Another “zebra” that can cause bilateral lymph nodes, including intraparotid nodes, is cat scratch fever. There often is edema surrounding the nodes. The etiologic agent in this infection has recently been characterized as a gram-negative intracellular bacterium (Bartonella henselae). If you quiz the clinician about a cat scratch history and actually come up with the diagnosis, you will be a star in his or her eyes forever. It is a self-limited disease that may manifest regional lymphadenopathy, fever, and malaise, but can progress to encephalopathy and neuropathy after a cat scratch or flea bite. Parinaud oculoglandular syndrome, characterized by unilateral conjunctivitis with polypoid granuloma of the palpebral conjunctiva, and preauricular, parotid, and periparotid lymphadenopathy can be caused by Bartonella infections. The diagnosis is confirmed by positive serologic tests or positive polymerase chain reaction assays to the bacterium.
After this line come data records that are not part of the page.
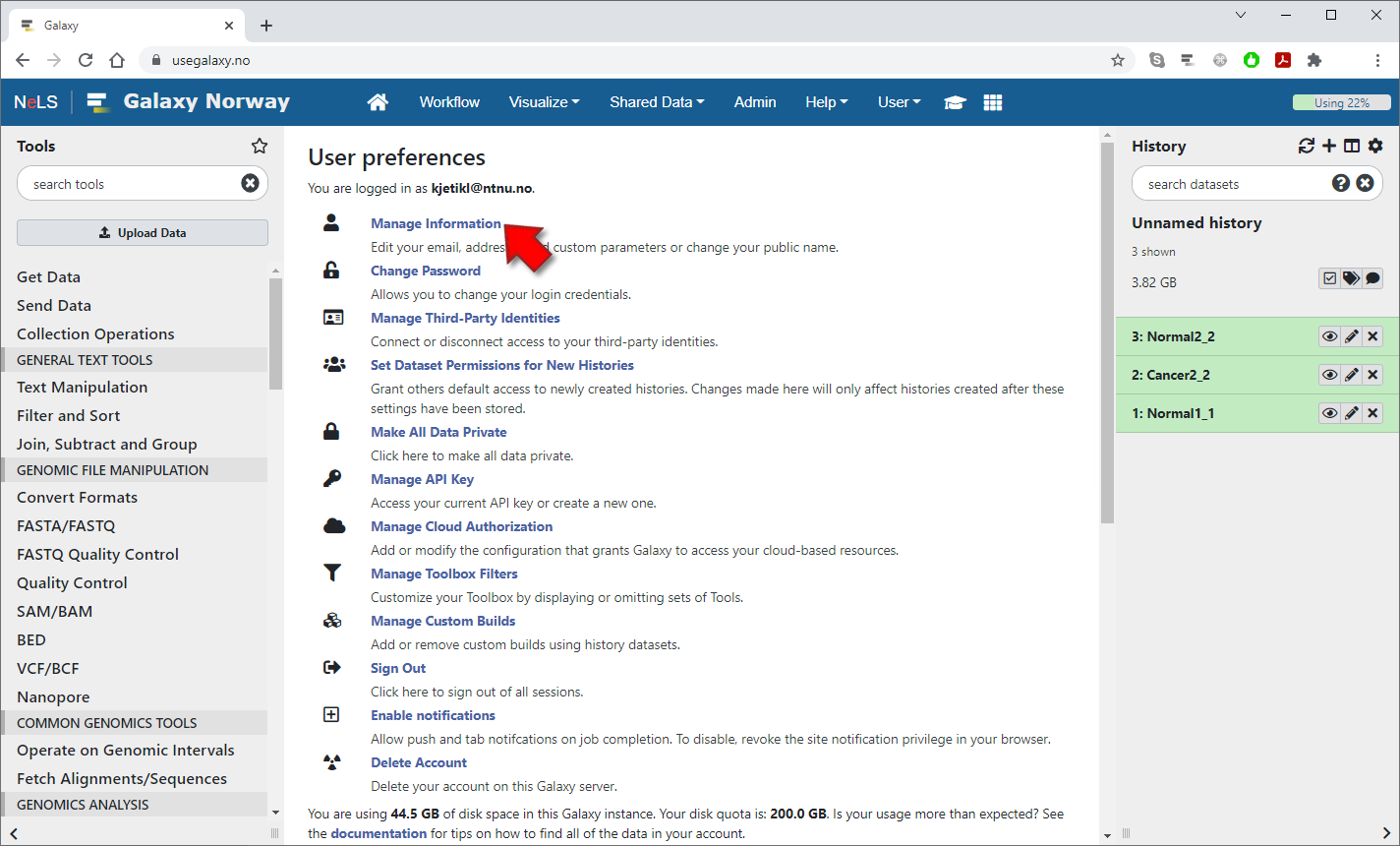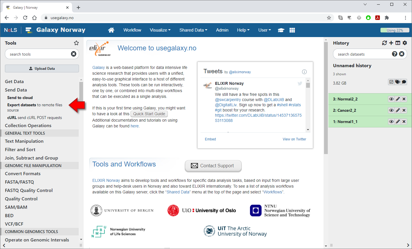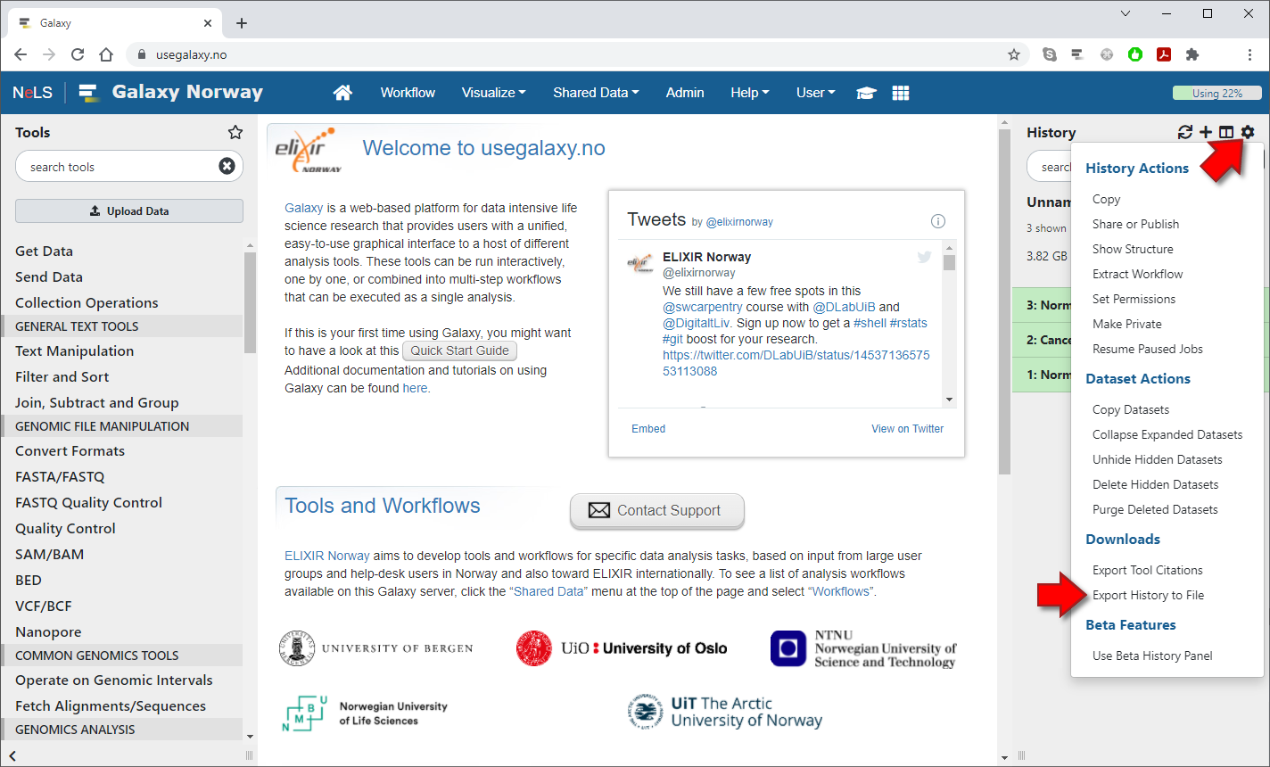 To import a history file from NeLS Storage into Galaxy, select "Histories" from the "User" menu at the top of the page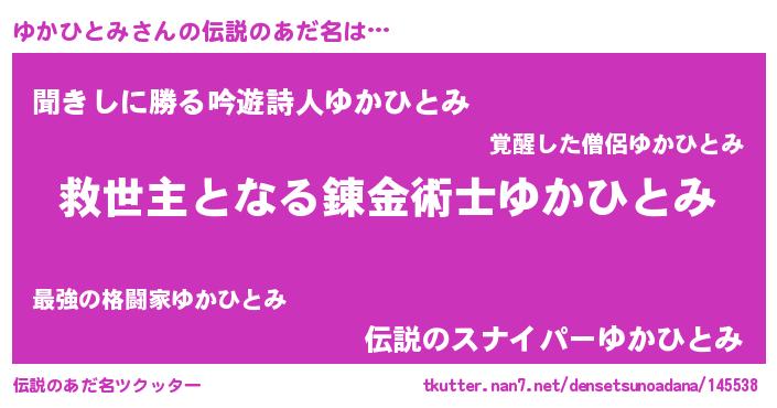 | 意味不明あだ名 | 『自称ゆかひとみ』『永久保存ゆかひとみ』 |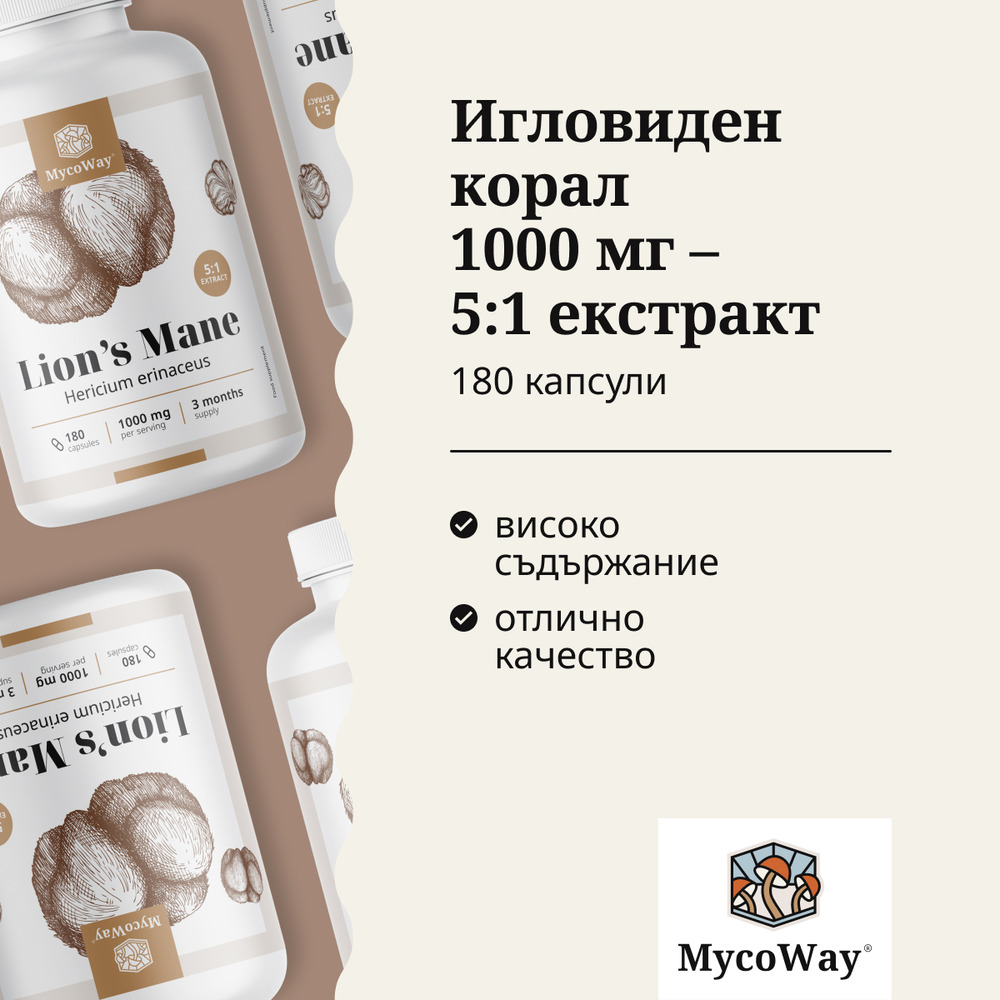 Игловиден корал (лъвска грива) 1000 мг – 5:1 екстракт

Sinus histiocytosis may cause massive nodes. The eponym is Rosai Dorfman disease and the disease presents with painless, bilateral, cervical lymphadenopathy accompanied by fever, leukocytosis, and elevated serum inflammatory markers. The nodes usually resolve as the disease is self-limited.
Kikuchi disease, histiocytic necrotizing lymphadenitis, predominantly affects young adults of Asian ethnicity. The etiology is unclear, but is probably viral, and the patients present with adenopathy, fever, and leukopenia. It is associated with large necrotic and nonnecrotic, enhancing and nonenhancing adenopathy. The CT appearance of Kikuchi disease can simulate lymphoma and other nodal diseases that have necrosis, such as metastasis and tuberculosis. Be Kareful not to Miss Kikuchi!
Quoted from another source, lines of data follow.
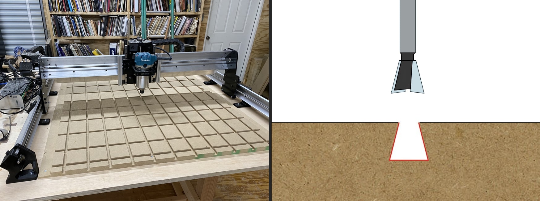 Dean took a similar approach to the threaded-insert setup by starting with a simple sheet of MDF, however he used a dovetail cutting bit to create a dovetail profile in the board in a cross-hatching design instead. This enables him to use special dovetail nuts as free-moving mounting points for his clamping hardware: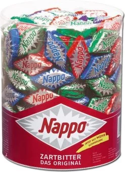 Individueel verpakte diamanten (circa 200 stuks) gemaakt van Nederlandse nougat met een laagje pure chocolade. De klassieker sinds 1925. Donkere chocolade van Nappo is cult. Want de heerlijke diamanten staan al bijna een eeuw voor puur genieten en uitbundig snackplezier. De lekkernijen worden bereid uit de beste Hollandse nougat en bieden heerlijk kauwplezier. Een laagje fijne donkere chocolade vult de specialiteit aan en maakt er uiteindelijk een absoluut smaakhoogtepunt van.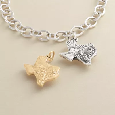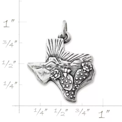 Prickly pear cacti, fresh air and expansive views of the Chisos Mountains in Big Bend National Park inspired the Texas Landscape Charm, which is available in sterling silver or 14K gold. Within the borders of this Texas-shaped charm, you can glimpse nature’s splendor and capture memories of exploring the state’s diverse scenery. The back of this charm is engravable and can be personalized with dates or the name of your traveling companion.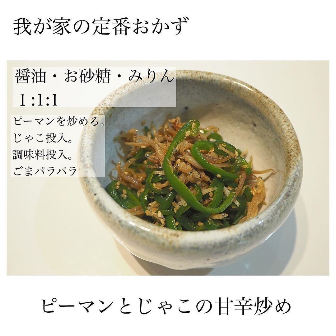 ポイ活で日々節約に励んでいるtonakayuさん宅の定番おかずは、炒めたピーマンをじゃこと調味料で和える甘辛炒め。醤油・砂糖・みりんを1:1:1で入れるだけなので、計量も楽ちんですぐに作れそうですね。大人が食べるときは、一味などを投入してピリ辛にしてもおいしいのだとか。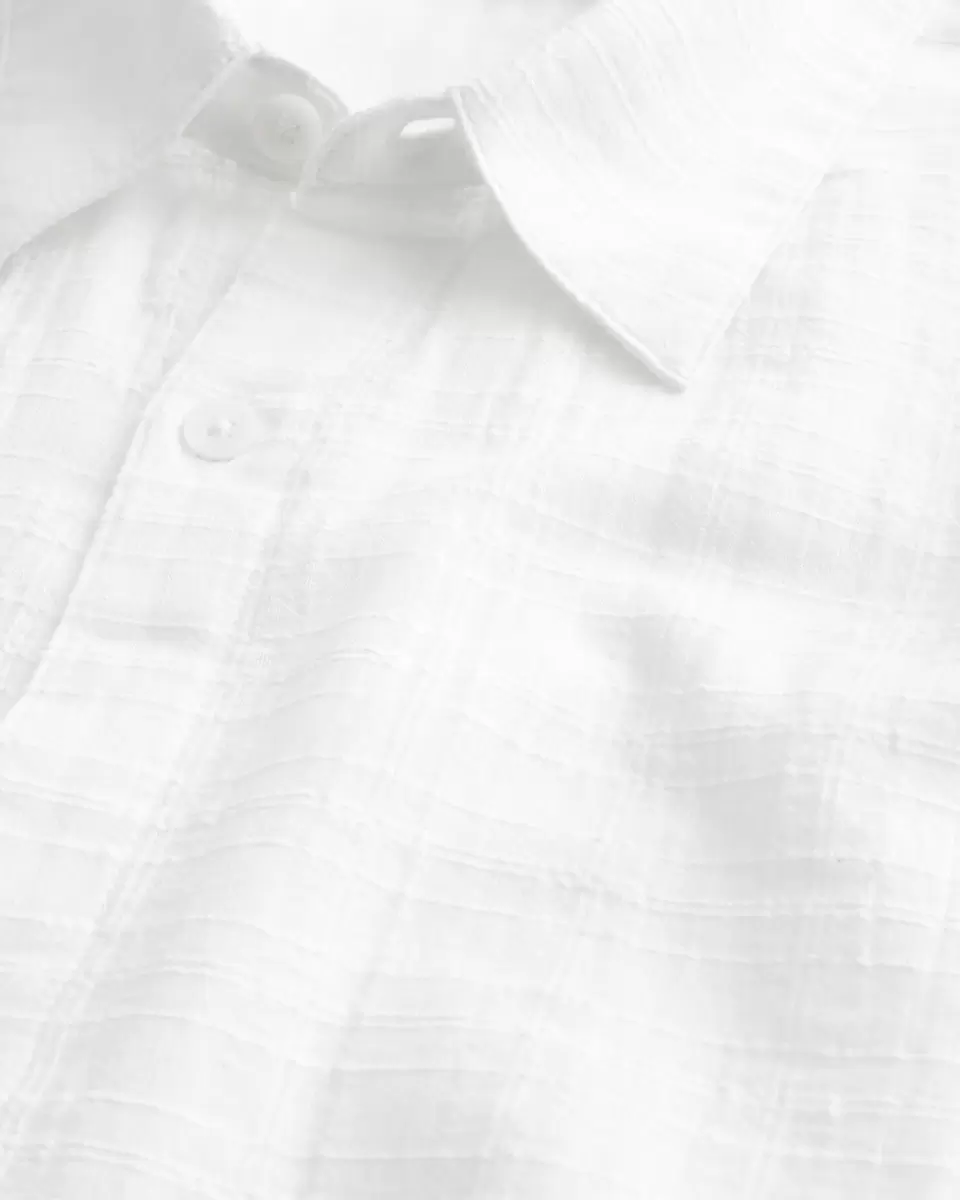 A classic, comfortable shirt with short sleeves and a textured pattern. Collar, full button closure. Boxy Fit. Imported.

Kimura disease is another import from Asia. It is a chronic inflammatory process with associated diffuse hypervascular adenopathy in the cervical chains favoring the submental and submandibular regions, eosinophilia, and a predilection for Asian men aged 10 to 30. The salivary glands may be swollen and tender. The nodes are round, solid, hypoechoic, and homogeneous. They have hilar hypervascularity on power Doppler scans (hey, since this is an Asian import, the sonographic features are what is best known about the disease).
Posttransplant lymphoproliferative disorder (PTLD) is one of those cross-over diseases between a reactive node, a benign neoplasm, and a malignant neoplasm. The aggressiveness of the entity ranges widely from benign lymphoid hypertrophy to myeloma, to monoclonal lymphomas, to polyclonal lymphomas, all from the EBV leading to B-cell proliferation. Basically, you can find enlarged nodes in the abdomen, chest, and neck (in descending order of frequency) in patients after whole organ transplants (heart, liver, kidney, or bone marrow). The inciting event appears to be an infection by Epstein Barr virus, leading to a proliferation of B cells. If the T cells are deficient, as in transplant patients or HIV infections, this B-cell mass production gets revved up. Although this may result in a polyclonal lymphoproliferation, if unabated, a monoclonal dominant spike may appear. In some of these patients, lymphoma develops; in others the adenopathy resolves with manipulation of medications to produce a reduction in the degree of immunosuppression. Chemotherapy may be required in some. PTLD can affect the adenoids and tonsils and is usually seen after solid organ transplantations (lung is most common). The onset of this process may range from months to years after the transplant.